Studies of the biologic and clinical effects of fish oil in human thrombosis and atherosclerosis have increased rapidly in the past 10 years. The components of fish oil that have drawn the most attention are the omega-3 fatty acids, which are highly unsaturated long-chain fatty acids with the first double bond three carbon atoms removed from the methyl end of the molecule. These fatty acids are found in large quantities in sea life, most likely originating in plankton and extending up the food chain to cold-water fishes and, ultimately, to man.

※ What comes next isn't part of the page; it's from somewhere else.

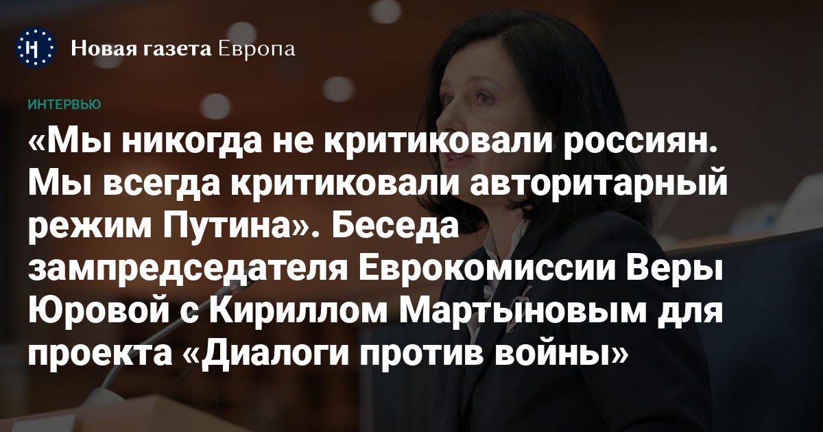 Беседа зампредседателя Еврокомиссии Веры Юровой с Кириллом Мартыновым для проекта «Диалоги против войны»

Recently a multitude of new fish oil products have appeared for use not only in laboratory and clinical research, but also on the shelves of health food stores and supermarkets. These products include forms of fish oil that are lower in cholesterol but higher in the omega-3 fatty acids eicosapentaenoic acid (EPA) and docosahexaenoic acid (DHA), as well as highly purified preparations of the omega-3 fatty acids that have been formulated as ethyl esters or triglycerides. The stimulus for the development of these products has been the yet untested hypothesis that their ingestion as a dietary supplement might prevent or delay atherosclerosis and thrombosis, prolonging life. read
Research on fish oil or the omega-3 fatty acids has focused on the biochemical and cellular effects of these fatty acids and on dietary studies in humans and animals. For example, a series of reports have recently appeared describing the effects of fish oil on athero-genesis and on platelet-vascular interactions. However, controlled prospective clinical trials of the effects of fish oil on humans with atherosclerosis or thrombotic disease have not been reported. This article assesses the effects of fish oil on platelet and vascular function and reviews the animal and human studies reported to date. We provide recommendations for the use of fish oil as a potential therapeutic agent in human atherosclerotic or thrombotic disease.